#### [EXERCISE]
Search the entries for the word "have" and report each line that has it.

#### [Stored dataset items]
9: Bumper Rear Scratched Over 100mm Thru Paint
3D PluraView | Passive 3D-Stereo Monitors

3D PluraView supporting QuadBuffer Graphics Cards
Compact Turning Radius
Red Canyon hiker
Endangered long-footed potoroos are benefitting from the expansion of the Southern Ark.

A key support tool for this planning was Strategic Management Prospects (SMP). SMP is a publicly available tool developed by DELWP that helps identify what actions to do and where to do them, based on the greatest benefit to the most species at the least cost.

...

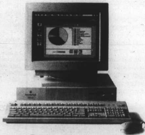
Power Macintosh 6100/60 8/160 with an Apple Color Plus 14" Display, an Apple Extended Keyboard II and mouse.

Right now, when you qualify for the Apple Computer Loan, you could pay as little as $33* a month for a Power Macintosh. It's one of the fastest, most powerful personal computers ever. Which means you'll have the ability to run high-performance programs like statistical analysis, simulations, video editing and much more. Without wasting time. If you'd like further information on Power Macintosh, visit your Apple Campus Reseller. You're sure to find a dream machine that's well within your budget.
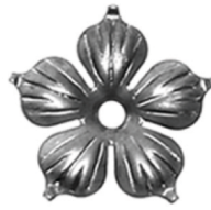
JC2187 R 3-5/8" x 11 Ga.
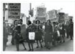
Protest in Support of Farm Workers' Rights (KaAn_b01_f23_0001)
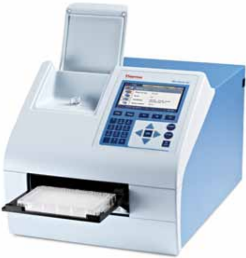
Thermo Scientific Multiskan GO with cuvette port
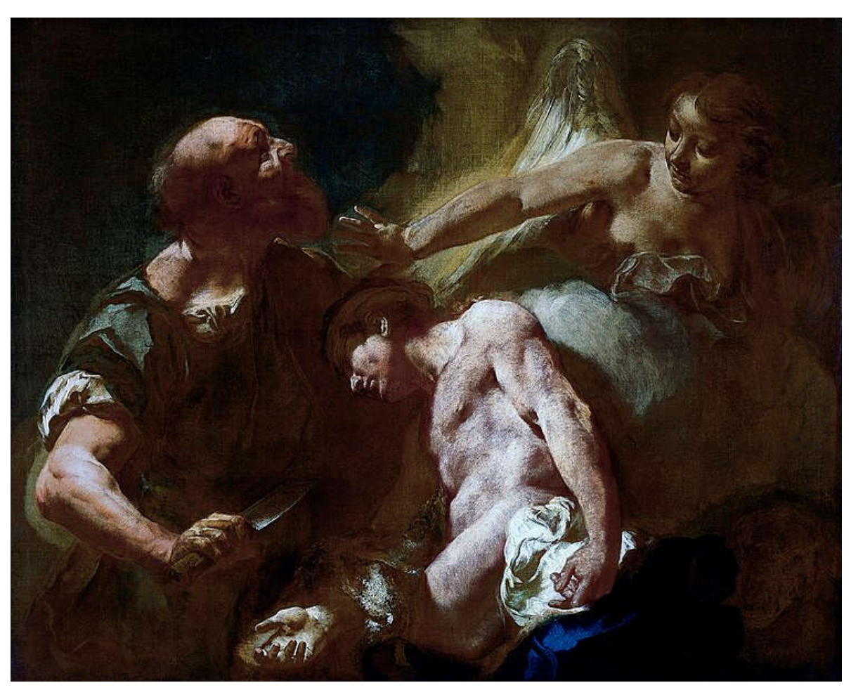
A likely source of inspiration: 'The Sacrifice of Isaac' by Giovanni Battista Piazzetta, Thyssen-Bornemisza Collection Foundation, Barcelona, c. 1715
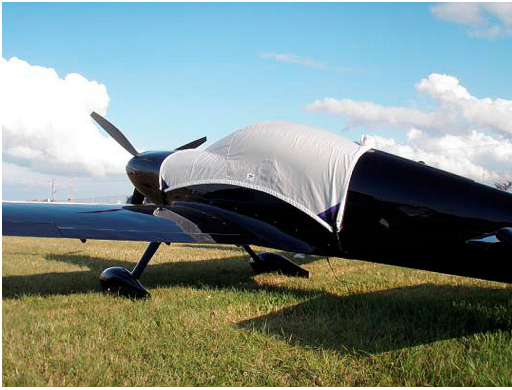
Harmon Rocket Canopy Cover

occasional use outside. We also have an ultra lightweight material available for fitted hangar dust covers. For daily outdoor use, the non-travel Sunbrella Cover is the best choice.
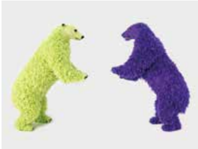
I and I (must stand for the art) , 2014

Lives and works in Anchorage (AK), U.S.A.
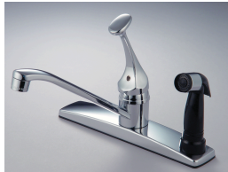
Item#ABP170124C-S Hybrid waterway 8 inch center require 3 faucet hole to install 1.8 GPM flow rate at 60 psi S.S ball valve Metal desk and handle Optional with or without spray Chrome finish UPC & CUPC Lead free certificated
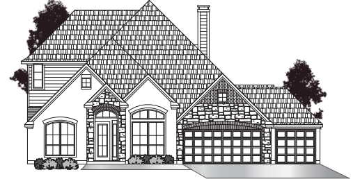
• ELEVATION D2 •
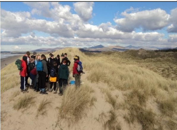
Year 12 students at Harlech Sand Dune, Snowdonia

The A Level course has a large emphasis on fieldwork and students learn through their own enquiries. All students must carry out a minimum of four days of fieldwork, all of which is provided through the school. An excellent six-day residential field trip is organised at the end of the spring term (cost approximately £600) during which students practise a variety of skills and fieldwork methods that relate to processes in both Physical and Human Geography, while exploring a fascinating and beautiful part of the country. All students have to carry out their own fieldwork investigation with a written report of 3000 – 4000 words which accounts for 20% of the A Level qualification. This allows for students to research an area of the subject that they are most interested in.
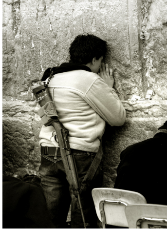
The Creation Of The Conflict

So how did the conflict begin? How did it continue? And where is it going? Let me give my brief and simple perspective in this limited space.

* * *

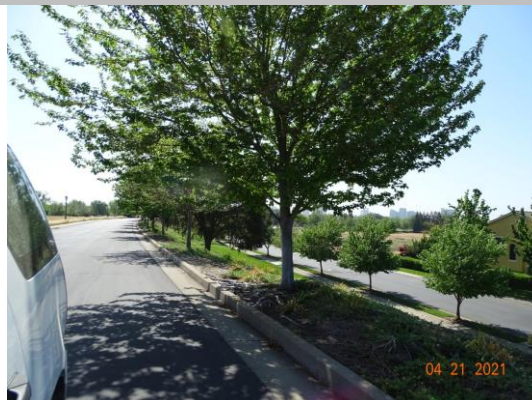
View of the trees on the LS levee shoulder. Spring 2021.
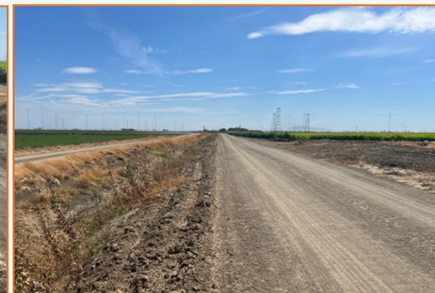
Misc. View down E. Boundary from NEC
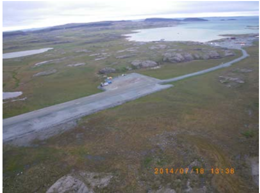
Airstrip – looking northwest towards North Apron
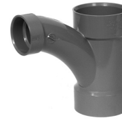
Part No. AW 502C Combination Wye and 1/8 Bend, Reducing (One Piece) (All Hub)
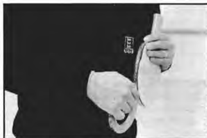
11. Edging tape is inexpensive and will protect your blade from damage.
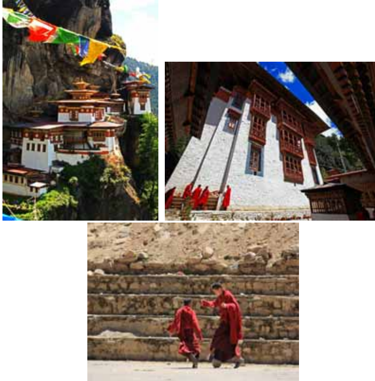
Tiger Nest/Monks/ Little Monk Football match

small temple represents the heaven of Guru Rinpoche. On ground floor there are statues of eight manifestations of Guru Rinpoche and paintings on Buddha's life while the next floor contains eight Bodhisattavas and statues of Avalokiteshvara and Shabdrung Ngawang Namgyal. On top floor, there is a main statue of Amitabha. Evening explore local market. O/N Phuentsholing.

#### [SOLUTION]
Right now, when you qualify for the Apple Computer Loan, you could pay as little as $33* a month for a Power Macintosh. It's one of the fastest, most powerful personal computers ever. Which means you'll have the ability to run high-performance programs like statistical analysis, simulations, video editing and much more. Without wasting time. If you'd like further information on Power Macintosh, visit your Apple Campus Reseller. You're sure to find a dream machine that's well within your budget.
occasional use outside. We also have an ultra lightweight material available for fitted hangar dust covers. For daily outdoor use, the non-travel Sunbrella Cover is the best choice.
The A Level course has a large emphasis on fieldwork and students learn through their own enquiries. All students must carry out a minimum of four days of fieldwork, all of which is provided through the school. An excellent six-day residential field trip is organised at the end of the spring term (cost approximately £600) during which students practise a variety of skills and fieldwork methods that relate to processes in both Physical and Human Geography, while exploring a fascinating and beautiful part of the country. All students have to carry out their own fieldwork investigation with a written report of 3000 – 4000 words which accounts for 20% of the A Level qualification. This allows for students to research an area of the subject that they are most interested in.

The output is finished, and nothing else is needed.